* WHAT IS EXPECTED *
The lines to extract begin at the line that contains "Generic - جيني" and run through the last line of the listing; reproduce them exactly, minus any pictures.

################

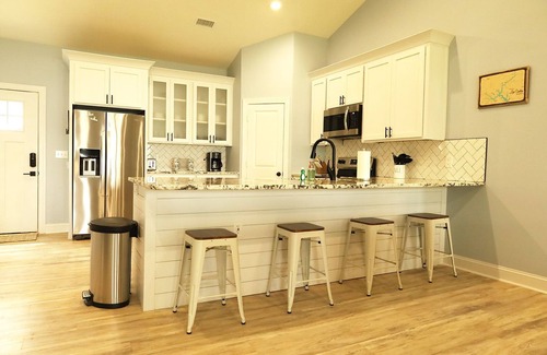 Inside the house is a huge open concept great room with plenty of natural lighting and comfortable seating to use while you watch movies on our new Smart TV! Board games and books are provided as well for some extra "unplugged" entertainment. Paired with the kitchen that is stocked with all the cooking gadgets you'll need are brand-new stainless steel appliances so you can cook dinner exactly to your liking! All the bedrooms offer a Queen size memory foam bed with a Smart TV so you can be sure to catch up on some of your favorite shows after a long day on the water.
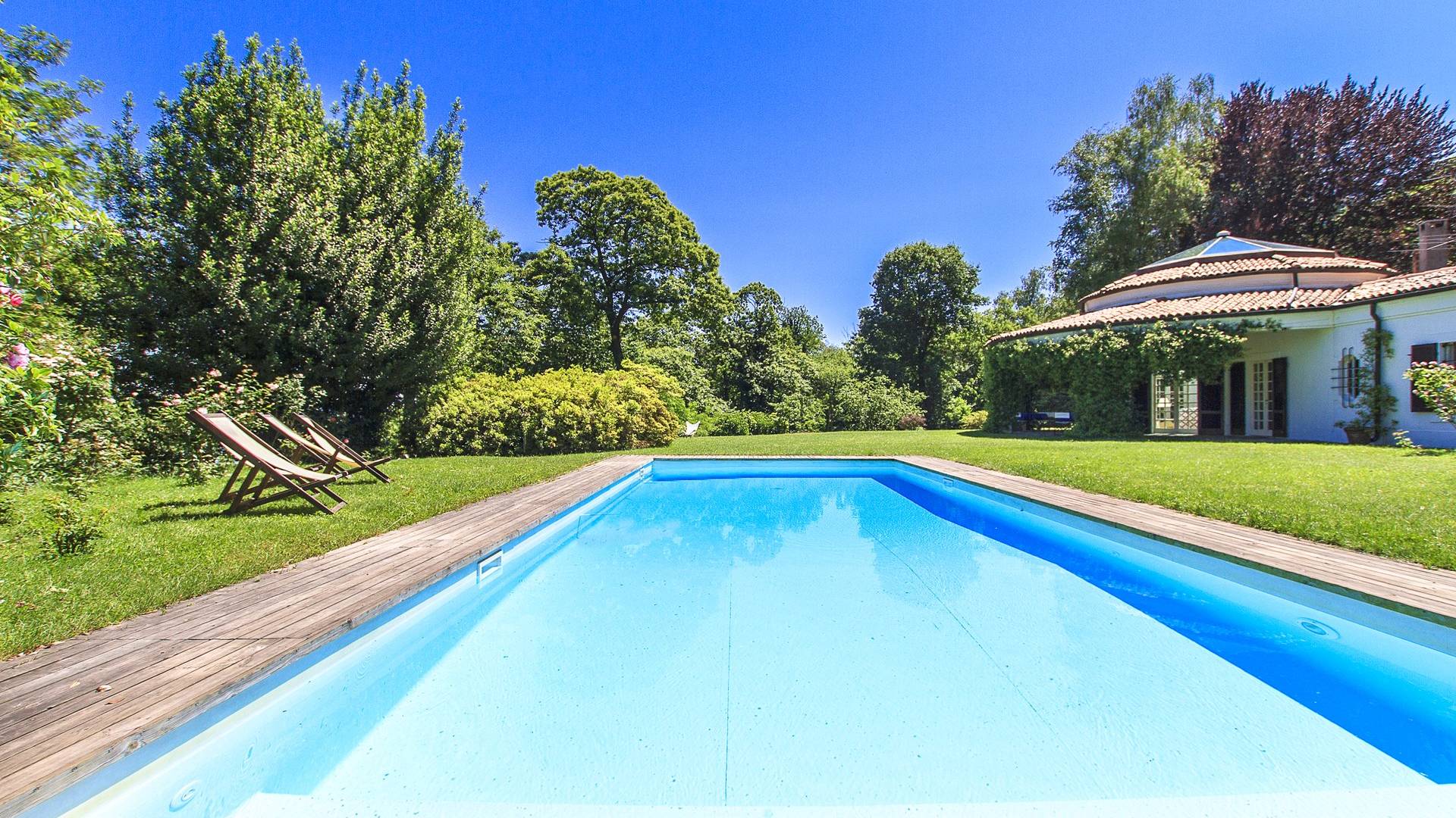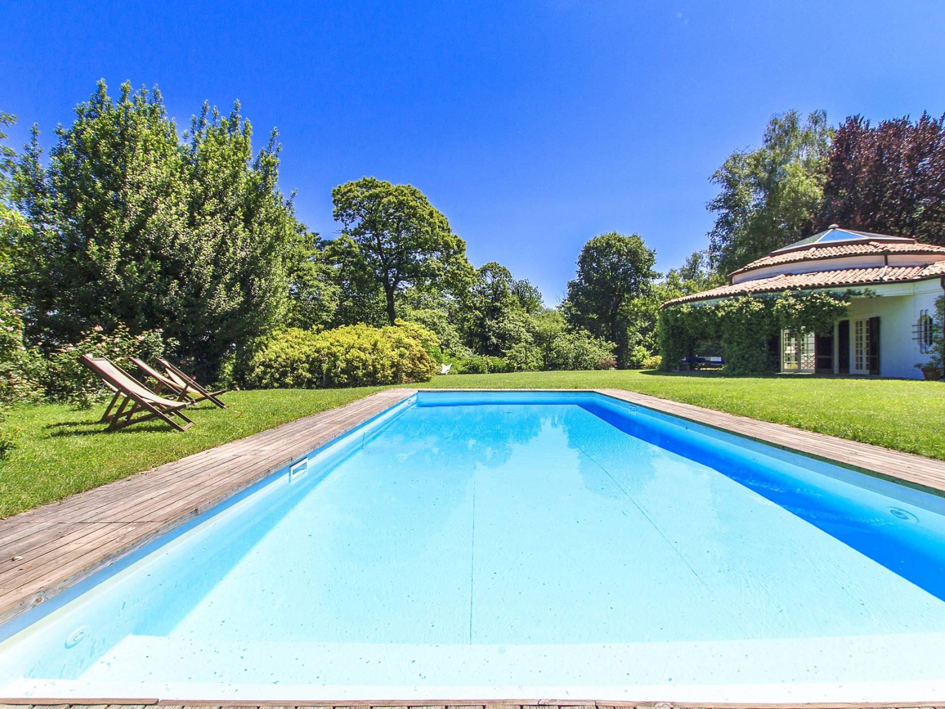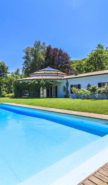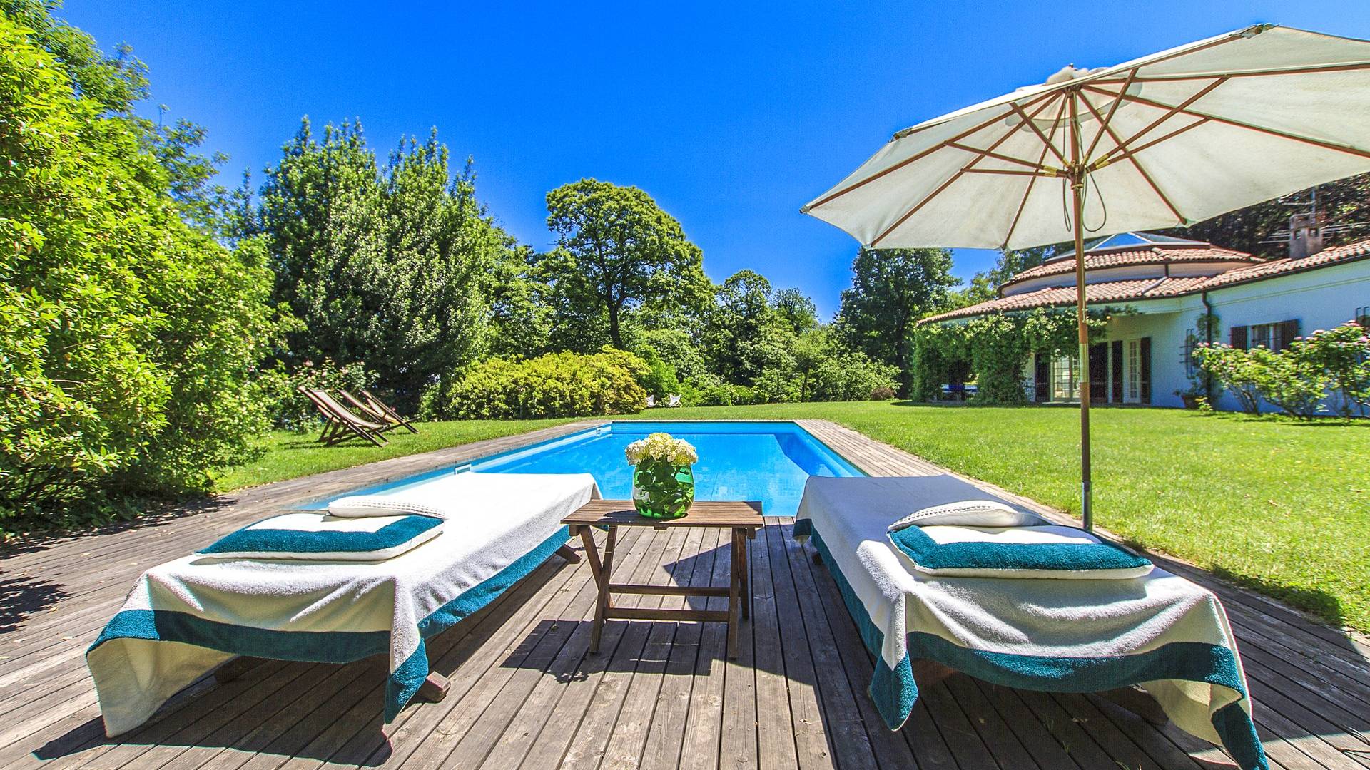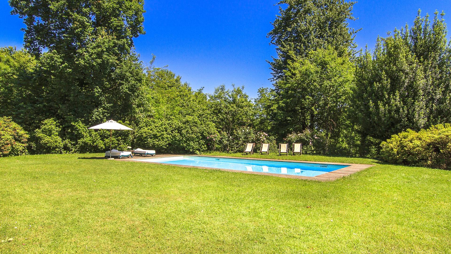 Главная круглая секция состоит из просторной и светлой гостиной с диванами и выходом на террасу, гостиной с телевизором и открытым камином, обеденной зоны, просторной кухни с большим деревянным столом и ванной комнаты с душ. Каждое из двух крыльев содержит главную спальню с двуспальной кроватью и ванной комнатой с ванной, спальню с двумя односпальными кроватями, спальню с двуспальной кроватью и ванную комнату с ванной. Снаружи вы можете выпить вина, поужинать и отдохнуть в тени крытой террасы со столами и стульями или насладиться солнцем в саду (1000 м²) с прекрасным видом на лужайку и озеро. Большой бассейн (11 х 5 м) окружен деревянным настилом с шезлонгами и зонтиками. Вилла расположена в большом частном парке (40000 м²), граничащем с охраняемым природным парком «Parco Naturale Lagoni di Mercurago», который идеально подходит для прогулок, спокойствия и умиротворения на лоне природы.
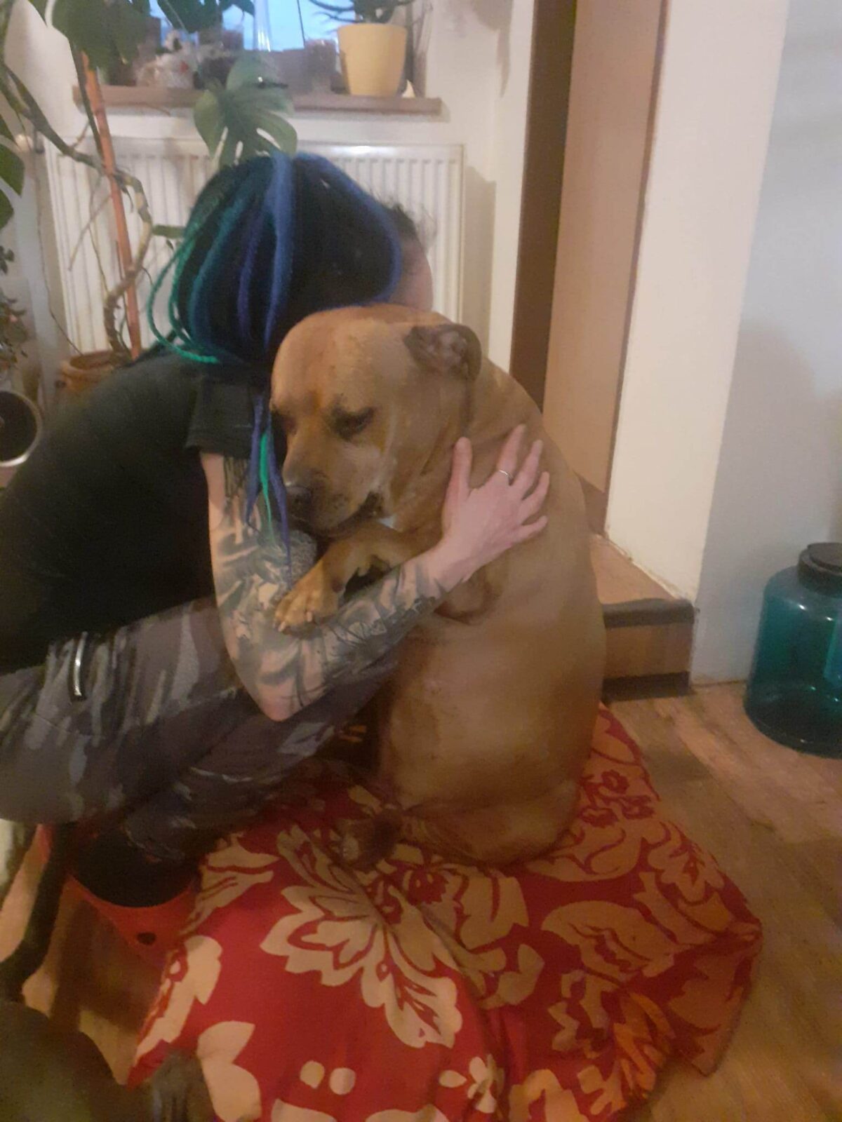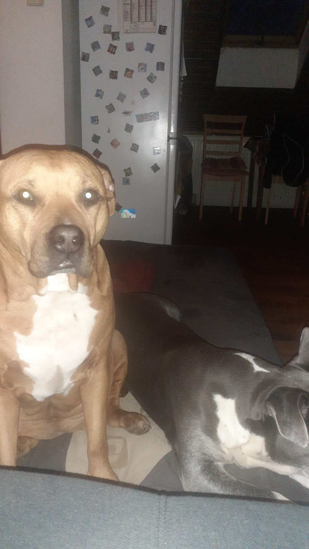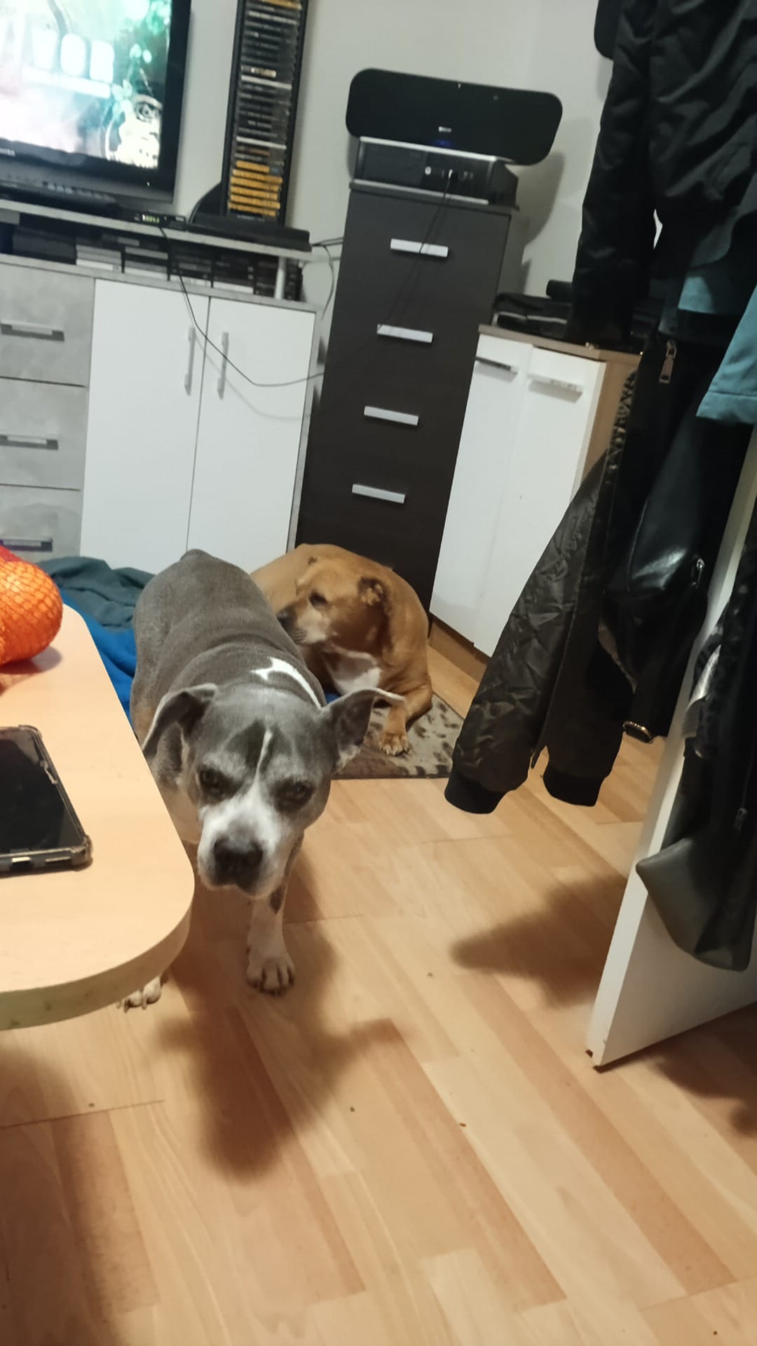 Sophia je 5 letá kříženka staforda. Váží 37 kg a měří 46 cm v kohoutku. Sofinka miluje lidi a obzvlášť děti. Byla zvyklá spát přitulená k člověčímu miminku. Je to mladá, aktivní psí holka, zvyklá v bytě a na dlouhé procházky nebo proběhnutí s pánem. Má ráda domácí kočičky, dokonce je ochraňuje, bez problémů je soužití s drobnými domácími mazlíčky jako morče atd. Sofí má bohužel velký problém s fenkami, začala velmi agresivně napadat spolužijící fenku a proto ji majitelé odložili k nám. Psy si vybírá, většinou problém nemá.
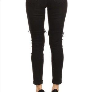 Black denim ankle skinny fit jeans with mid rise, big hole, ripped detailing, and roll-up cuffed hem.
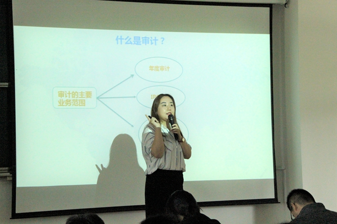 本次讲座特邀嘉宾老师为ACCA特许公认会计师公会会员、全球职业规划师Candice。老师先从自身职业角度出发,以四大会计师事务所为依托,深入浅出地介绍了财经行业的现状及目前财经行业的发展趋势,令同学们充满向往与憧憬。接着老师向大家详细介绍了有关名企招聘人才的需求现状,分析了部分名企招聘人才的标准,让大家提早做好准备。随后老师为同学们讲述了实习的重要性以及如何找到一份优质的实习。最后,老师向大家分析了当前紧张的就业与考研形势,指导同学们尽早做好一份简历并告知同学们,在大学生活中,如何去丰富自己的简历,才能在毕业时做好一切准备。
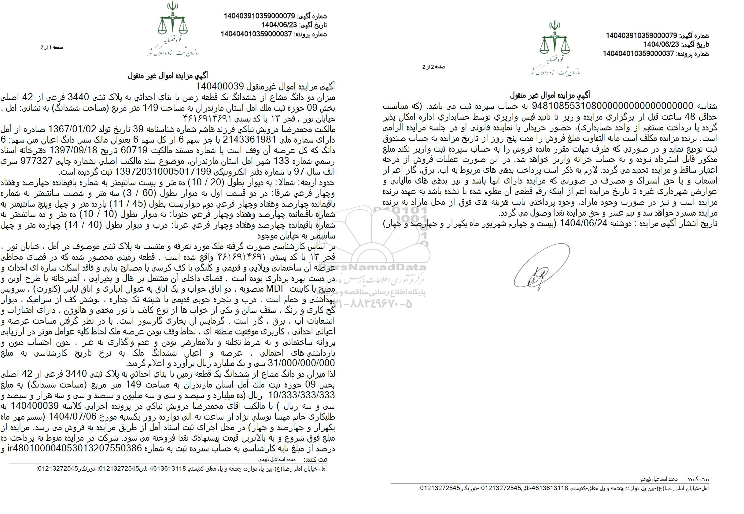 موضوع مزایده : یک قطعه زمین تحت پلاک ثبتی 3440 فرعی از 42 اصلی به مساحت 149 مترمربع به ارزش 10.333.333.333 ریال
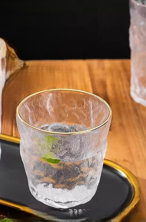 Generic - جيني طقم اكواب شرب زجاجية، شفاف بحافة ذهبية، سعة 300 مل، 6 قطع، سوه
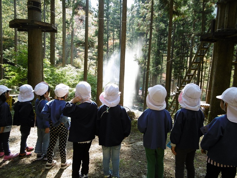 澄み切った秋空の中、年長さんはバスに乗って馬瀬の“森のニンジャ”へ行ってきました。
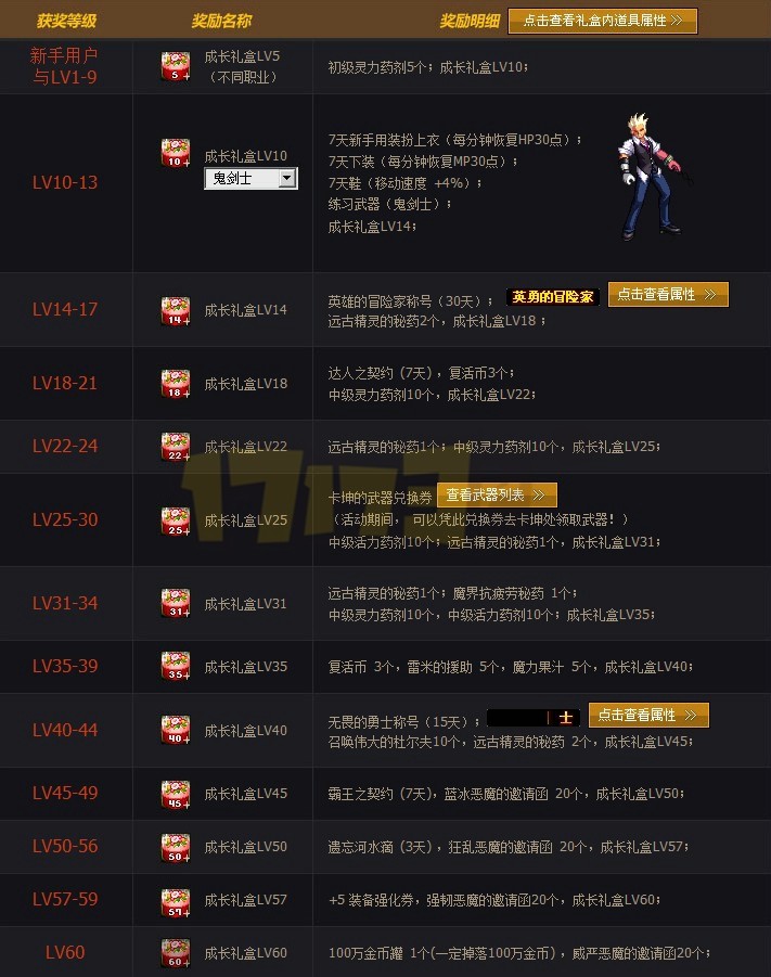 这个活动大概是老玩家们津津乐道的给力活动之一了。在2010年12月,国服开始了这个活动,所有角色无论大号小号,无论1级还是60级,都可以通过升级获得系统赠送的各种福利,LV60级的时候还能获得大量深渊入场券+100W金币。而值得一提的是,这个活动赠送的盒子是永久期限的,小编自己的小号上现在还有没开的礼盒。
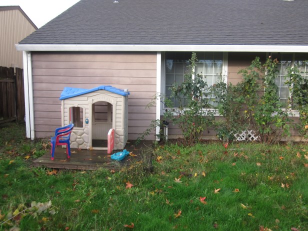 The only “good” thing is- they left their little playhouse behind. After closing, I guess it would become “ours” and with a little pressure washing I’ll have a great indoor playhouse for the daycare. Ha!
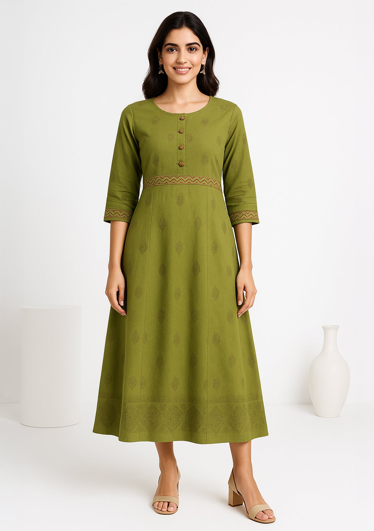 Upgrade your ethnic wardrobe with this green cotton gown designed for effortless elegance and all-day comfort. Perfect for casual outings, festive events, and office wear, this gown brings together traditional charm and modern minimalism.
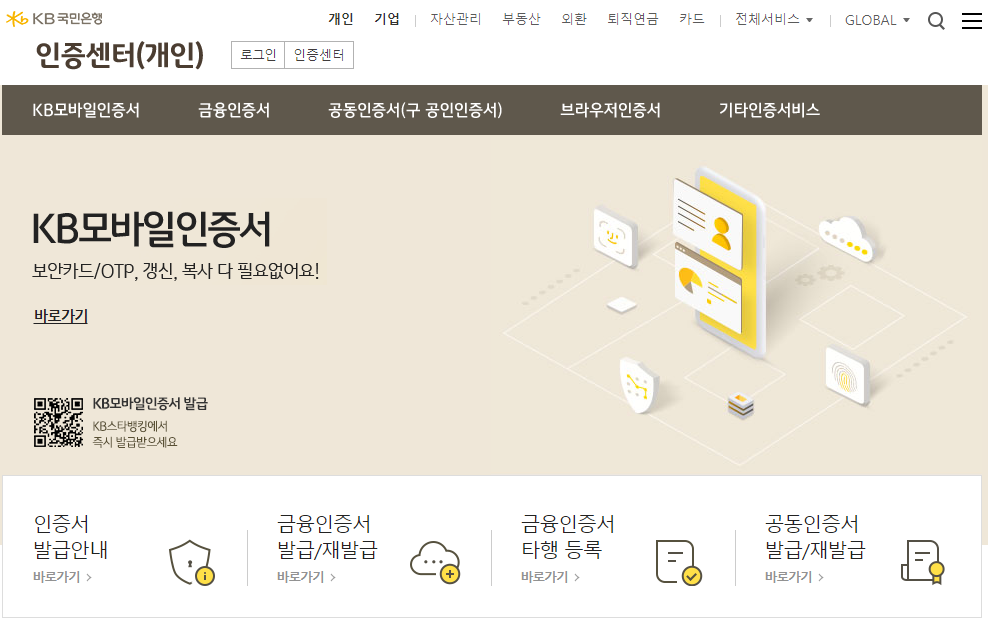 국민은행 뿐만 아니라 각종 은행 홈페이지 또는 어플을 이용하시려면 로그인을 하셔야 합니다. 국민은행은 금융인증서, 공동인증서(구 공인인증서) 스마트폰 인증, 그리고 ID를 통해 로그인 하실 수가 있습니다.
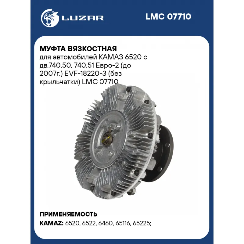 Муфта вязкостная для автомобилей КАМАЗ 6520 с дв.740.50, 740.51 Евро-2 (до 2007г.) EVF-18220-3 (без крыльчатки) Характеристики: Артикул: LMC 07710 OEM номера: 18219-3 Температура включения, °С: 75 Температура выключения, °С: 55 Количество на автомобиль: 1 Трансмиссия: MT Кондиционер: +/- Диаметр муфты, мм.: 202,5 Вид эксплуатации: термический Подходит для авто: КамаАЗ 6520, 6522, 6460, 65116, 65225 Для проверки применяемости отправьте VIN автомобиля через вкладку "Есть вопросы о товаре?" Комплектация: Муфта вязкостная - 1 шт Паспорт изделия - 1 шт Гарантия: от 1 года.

################

* ANSWER SPACE *
 Generic - جيني طقم اكواب شرب زجاجية، شفاف بحافة ذهبية، سعة 300 مل، 6 قطع، سوه
 澄み切った秋空の中、年長さんはバスに乗って馬瀬の“森のニンジャ”へ行ってきました。
 这个活动大概是老玩家们津津乐道的给力活动之一了。在2010年12月,国服开始了这个活动,所有角色无论大号小号,无论1级还是60级,都可以通过升级获得系统赠送的各种福利,LV60级的时候还能获得大量深渊入场券+100W金币。而值得一提的是,这个活动赠送的盒子是永久期限的,小编自己的小号上现在还有没开的礼盒。
 The only “good” thing is- they left their little playhouse behind. After closing, I guess it would become “ours” and with a little pressure washing I’ll have a great indoor playhouse for the daycare. Ha!
 Upgrade your ethnic wardrobe with this green cotton gown designed for effortless elegance and all-day comfort. Perfect for casual outings, festive events, and office wear, this gown brings together traditional charm and modern minimalism.
 국민은행 뿐만 아니라 각종 은행 홈페이지 또는 어플을 이용하시려면 로그인을 하셔야 합니다. 국민은행은 금융인증서, 공동인증서(구 공인인증서) 스마트폰 인증, 그리고 ID를 통해 로그인 하실 수가 있습니다.
 Муфта вязкостная для автомобилей КАМАЗ 6520 с дв.740.50, 740.51 Евро-2 (до 2007г.) EVF-18220-3 (без крыльчатки) Характеристики: Артикул: LMC 07710 OEM номера: 18219-3 Температура включения, °С: 75 Температура выключения, °С: 55 Количество на автомобиль: 1 Трансмиссия: MT Кондиционер: +/- Диаметр муфты, мм.: 202,5 Вид эксплуатации: термический Подходит для авто: КамаАЗ 6520, 6522, 6460, 65116, 65225 Для проверки применяемости отправьте VIN автомобиля через вкладку "Есть вопросы о товаре?" Комплектация: Муфта вязкостная - 1 шт Паспорт изделия - 1 шт Гарантия: от 1 года.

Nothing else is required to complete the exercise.